__What the task requires__. Images are to be left out; everything else in the listing should be repeated exactly.

__Given data__.
————————
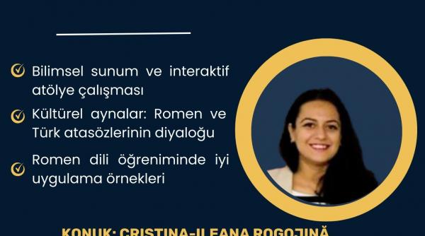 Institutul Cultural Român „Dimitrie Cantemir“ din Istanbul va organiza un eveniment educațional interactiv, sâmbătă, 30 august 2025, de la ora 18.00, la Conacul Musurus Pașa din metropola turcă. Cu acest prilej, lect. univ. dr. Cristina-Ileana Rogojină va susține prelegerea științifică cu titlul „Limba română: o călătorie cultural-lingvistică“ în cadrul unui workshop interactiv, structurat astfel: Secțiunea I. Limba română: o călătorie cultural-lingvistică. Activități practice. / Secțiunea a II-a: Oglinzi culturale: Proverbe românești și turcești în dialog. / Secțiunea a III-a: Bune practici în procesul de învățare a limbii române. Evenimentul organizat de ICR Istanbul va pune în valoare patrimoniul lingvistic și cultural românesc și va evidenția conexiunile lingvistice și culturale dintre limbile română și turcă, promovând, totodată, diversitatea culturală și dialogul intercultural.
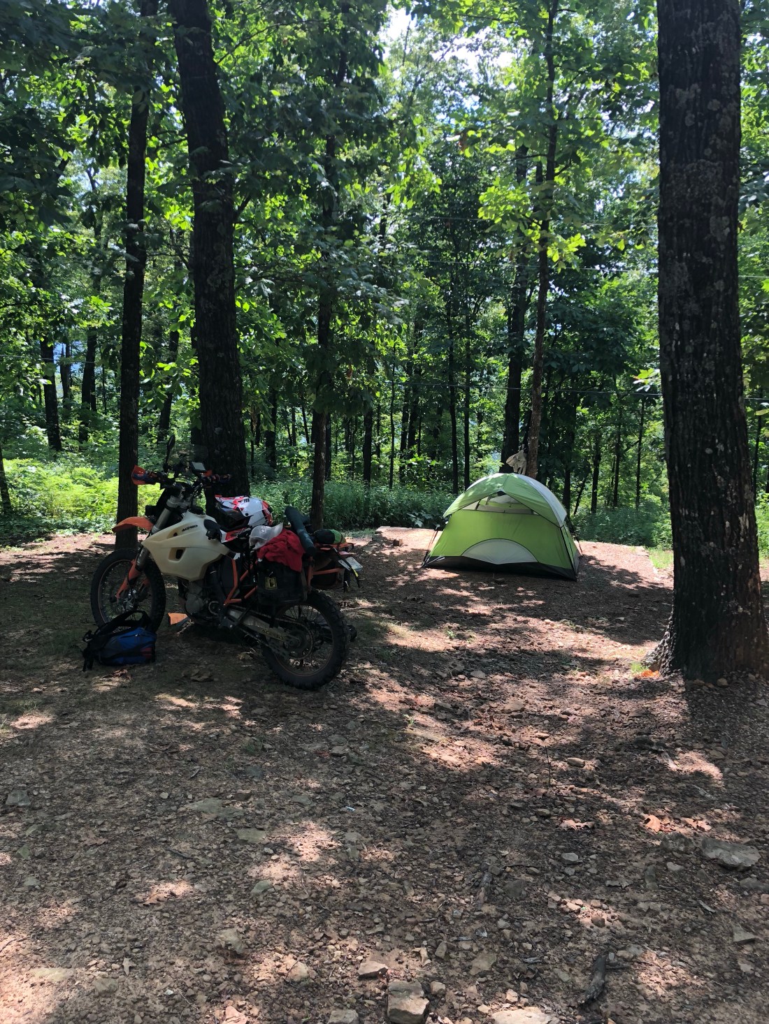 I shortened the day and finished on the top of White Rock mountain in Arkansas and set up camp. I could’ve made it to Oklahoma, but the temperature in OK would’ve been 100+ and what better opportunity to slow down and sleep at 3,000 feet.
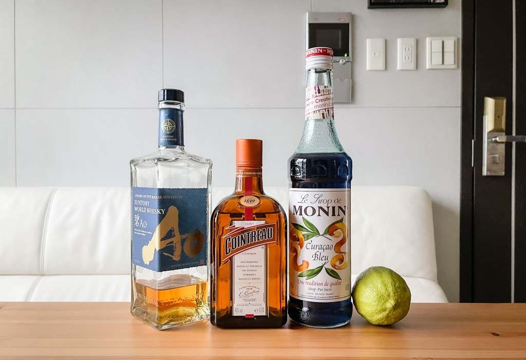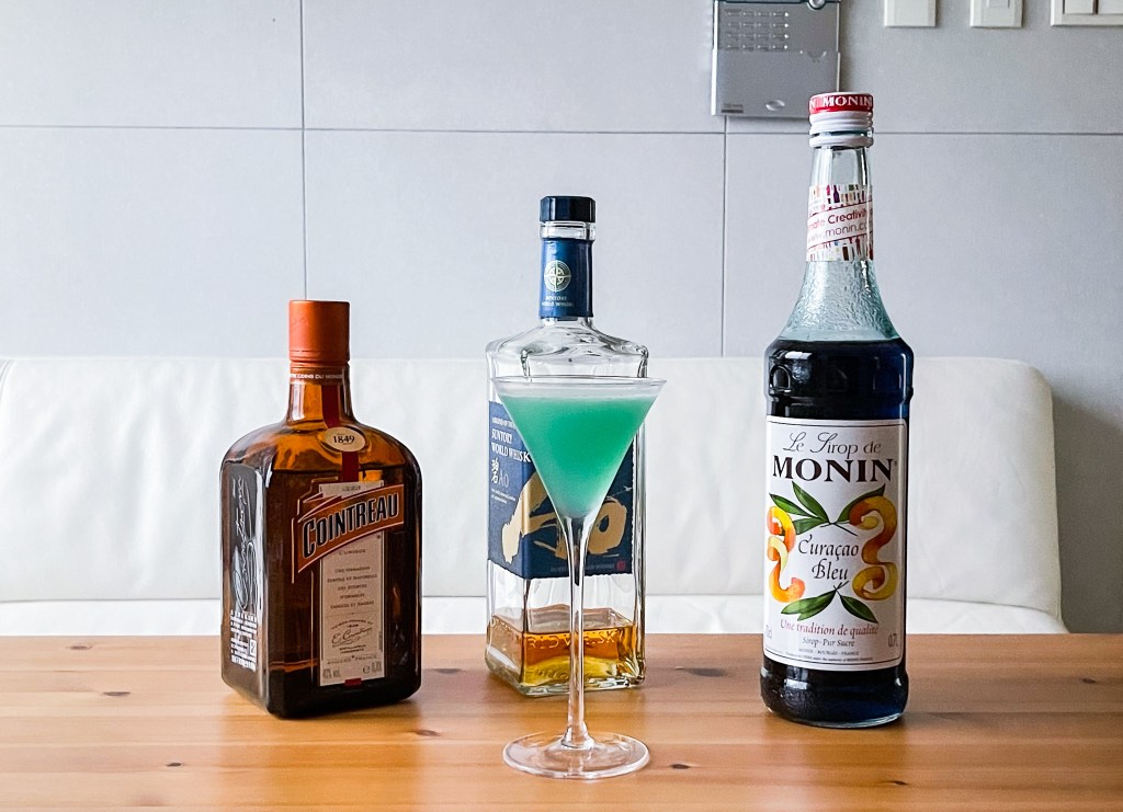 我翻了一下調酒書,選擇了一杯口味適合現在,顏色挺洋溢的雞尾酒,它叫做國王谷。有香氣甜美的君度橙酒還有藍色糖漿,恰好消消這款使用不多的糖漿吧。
————————
__Problem solution__.
 Institutul Cultural Român „Dimitrie Cantemir“ din Istanbul va organiza un eveniment educațional interactiv, sâmbătă, 30 august 2025, de la ora 18.00, la Conacul Musurus Pașa din metropola turcă. Cu acest prilej, lect. univ. dr. Cristina-Ileana Rogojină va susține prelegerea științifică cu titlul „Limba română: o călătorie cultural-lingvistică“ în cadrul unui workshop interactiv, structurat astfel: Secțiunea I. Limba română: o călătorie cultural-lingvistică. Activități practice. / Secțiunea a II-a: Oglinzi culturale: Proverbe românești și turcești în dialog. / Secțiunea a III-a: Bune practici în procesul de învățare a limbii române. Evenimentul organizat de ICR Istanbul va pune în valoare patrimoniul lingvistic și cultural românesc și va evidenția conexiunile lingvistice și culturale dintre limbile română și turcă, promovând, totodată, diversitatea culturală și dialogul intercultural.
 I shortened the day and finished on the top of White Rock mountain in Arkansas and set up camp. I could’ve made it to Oklahoma, but the temperature in OK would’ve been 100+ and what better opportunity to slow down and sleep at 3,000 feet.
 我翻了一下調酒書,選擇了一杯口味適合現在,顏色挺洋溢的雞尾酒,它叫做國王谷。有香氣甜美的君度橙酒還有藍色糖漿,恰好消消這款使用不多的糖漿吧。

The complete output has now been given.